Now how about this? The Third Infantry Division are raping nine-year olds in Ramadi. Ready, set, go! That thundering sound outside your window isn't the new IKEA sale, but the great herd of BBC/CNN/Independent/Guardian/New York Times/Le Monde/Sydney Morning Herald/Irish Times/Cork Examiner reporters stampeding to the Sunni Triangle. Whoa, hold up, lads, it's only hypothetical.
But think about it: the merest glimpse of a freaky West Virginia tramp leading an Abu Ghraib inmate around with girlie knickers on his head was enough to prompt calls for Rumsfeld's resignation, and for Ted Kennedy to charge that Saddam's torture chambers were now open "under new management", and for Robert Fisk to be driven into the kind of orgasmic frenzy unseen since his column on how much he enjoyed being beaten up by an Afghan mob: "Just look at the way US army reservist Lynndie England holds the leash of the naked, bearded Iraqi," wrote Fisk. "No sadistic movie could outdo the damage of this image. In September 2001, the planes smashed into the buildings; today, Lynndie smashes to pieces our entire morality with just one tug on the leash."

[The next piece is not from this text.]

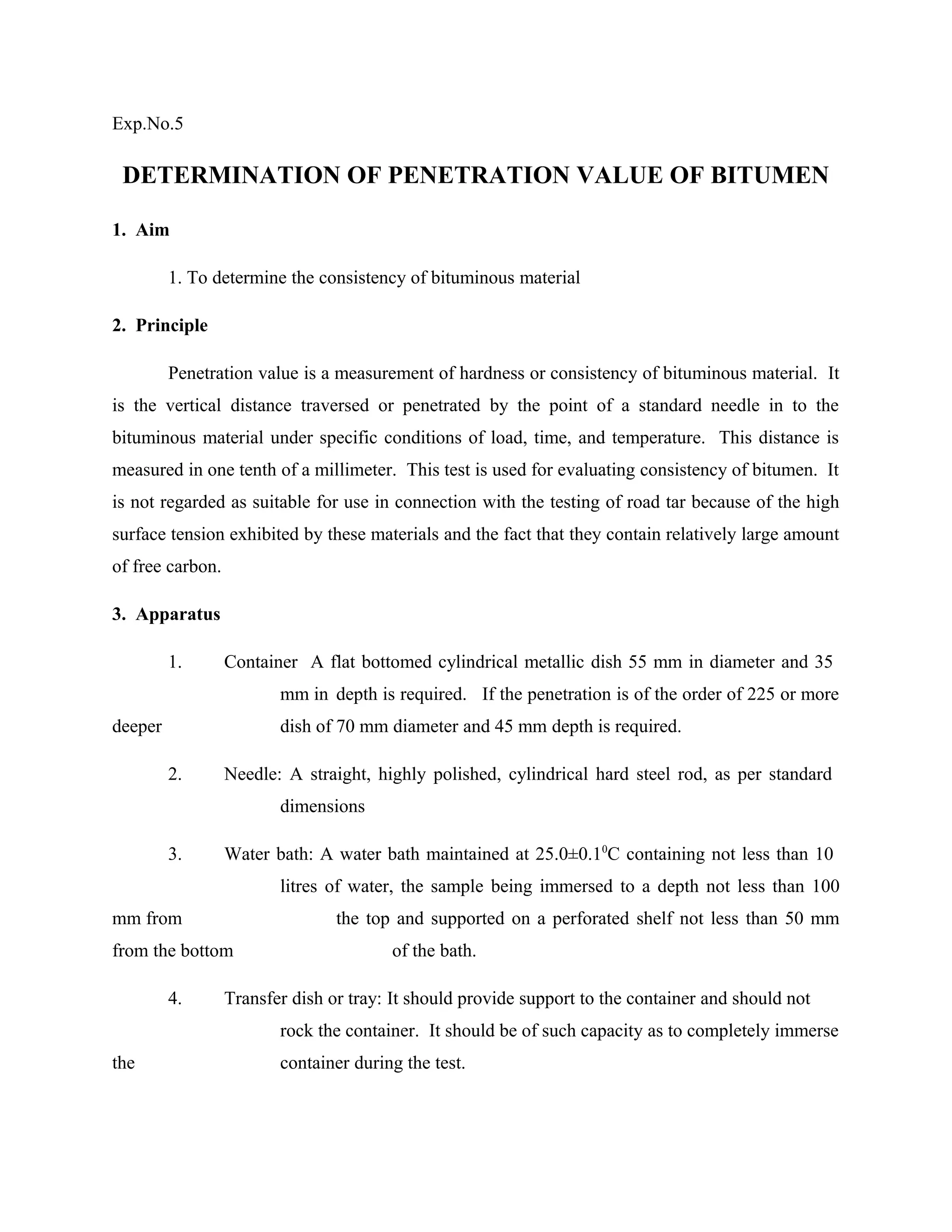 The document describes procedures for determining various properties of bituminous materials including penetration value, softening point, ductility, and viscosity. The penetration value test measures the hardness or consistency of a bituminous material by the distance a needle penetrates into a sample under specified conditions. The softening point test determines the temperature at which a bitumen or tar sample reaches a specified softening level. The ductility test measures the distance a bitumen sample will elongate before breaking when pulled apart at a specified speed and temperature. The viscosity test determines the time taken for 50mL of a bituminous material to flow through a specified orifice at a given temperature, providing a measure of its resistance to flow.

Who's straining at the leash here? Down, boy. But, if Lynndie's smashed to pieces our entire morality with just one tug, Bush's Zionist neocons getting it on with Congolese kindergarteners would have the Independent calling for US expulsion from the UN - no, wait, from Planet Earth: slice it off from Maine to Hawaii and use one of those new Euro-Airbuses to drag it out round the back of Uranus.
But systemic UN child sex in at least 50 per cent of their missions? The transnational morality set can barely stifle their yawns. If you're going to rape prepubescent girls, make sure you're wearing a blue helmet.

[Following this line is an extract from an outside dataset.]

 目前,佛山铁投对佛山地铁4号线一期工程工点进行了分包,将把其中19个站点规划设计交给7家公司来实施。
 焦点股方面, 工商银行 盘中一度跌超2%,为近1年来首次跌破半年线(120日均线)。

And at least the Pentagon put a stop to Abu Ghraib. As a UN official in Congo told the Telegraph yesterday: "The crux of the problem is that if the UN gets bolshie with these governments then they stop providing the UN with troops and staff."
And the problem with that is?
In Congo, the UN has now forbidden all contact between its forces and the natives. The rest of the world should be so lucky.

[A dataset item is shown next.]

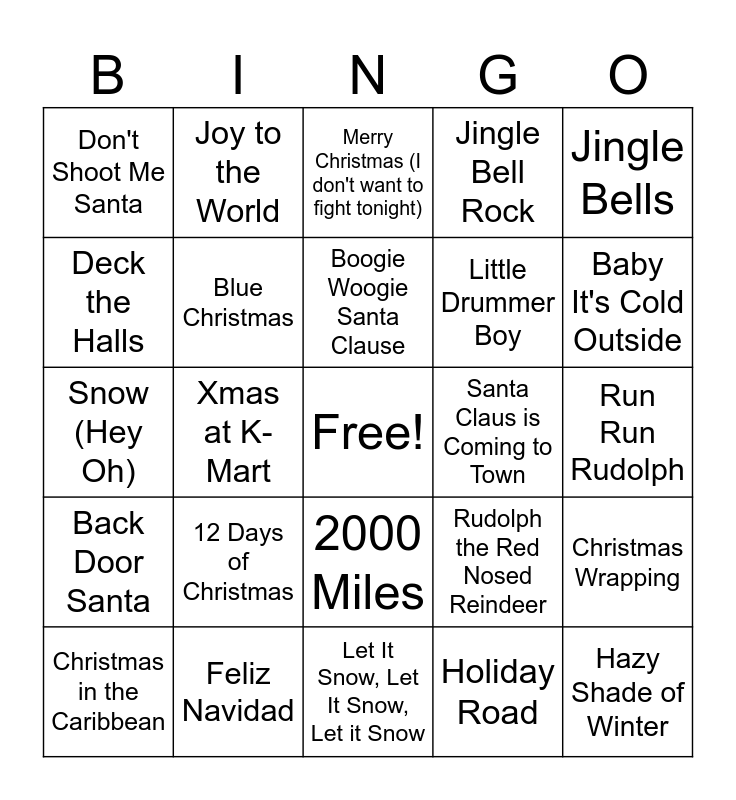 This bingo card has a free space and 69 words: Christmas in Hollis, Run Run Rudolph, I Have A Little Dreidel, Th Chanukah Song, Feliz Navidad, I Want a Hippopotamus For Christmas, Jingle Bell Rock, Last Christmas, Jingle Bells, Oh Hanukkah, Christmas Wrapping, Candy Cane Children, Don't Shoot Me Santa, Merry Christmas (I don't want to fight tonight), Winter Wonderland, Xmas at K-Mart, 2000 Miles, Little Drummer Boy, Santa Jenny 867-5309, Back Door Santa, Santa Claus is Coming to Town, Rudolph the Red Nosed Reindeer, Baby It's Cold Outside, Rockin' Around the Christmas Tree, Ths Christmas, Frosty the Snowman, Christmas,(Baby Please Come Home), Holiday Rock, Holiday Road, Last Christmas, Joy to the World, You're A Mean One Mr. Grinch, Here Comes Santa Claus, Oi To The World, Funky, Funky, Xmas, Santa Baby, Sleigh Ride, Do They Know It's Christmas, Deck the Halls, It's Beginning To Look A Lot Like Christmas, 12 Days of Christmas, Hazy Shade of Winter, Reggae Christmas, The Chanukah Song Part 3, Rock and Roll Christmas, Christmas in the Caribbean, I Saw Mommy Kissing Santa Claus, Grandma Got Run Over By A Reindeer, Christmas All Over Again, Blue Christmas, Boogie Woogie Santa Clause, Christmas at the Zoo, Christmas Eve/Sarajevo 12/24, Let It Snow, Let It Snow, Let it Snow, A Long December, Ice Ice Baby, It's the Most Wonderful Time of the Year, Merry Christmas Darling, Cold As Ice, Snow (Hey Oh), Velvet Snow, My Only Wish (This Year), O Come All Ye Faithful, The Chipmunk Song (Christmas Don't Be Late), Father Christmas, Mistletoe, Fairytale of New York, Christmas Saves the Year and The Lonely Jew on Christmas.

I take it from his use of "bolshie" that the quoted UN wallah is British. If so, that's the system in a nutshell: when a British bigwig is with British forces, he'll enforce British standards; when a British official is holed up with an impeccably "multilateral" force of Uruguayans, Tunisians, etc, he's more circumspect. When in Rome, do as the Visigoths do.
The child sex racket is only the most extreme example of what's wrong with the UN approach to the world. Developed peoples value resilience: when disaster strikes, you bounce back. A hurricane flattens Florida, you patch things up and reopen. As the New Colonial Class, the UN doesn't look at it like that: when disaster strikes, it just proves you and your countrymen are children who need to be taken under the transnational wing.
The folks that have been under the UN wing the longest - indeed, the only ones with their own permanent UN agency and semi-centenarian "refugee camps" - are the most comprehensively wrecked people on the face of the earth: the Palestinians. UN territories like Kosovo are the global equivalent of inner-city council estates with the blue helmets as local enforcers for the absentee slum landlord. By contrast, a couple of years after imperialist warmonger Bush showed up, Afghanistan and Iraq have elections, presidents and prime ministers.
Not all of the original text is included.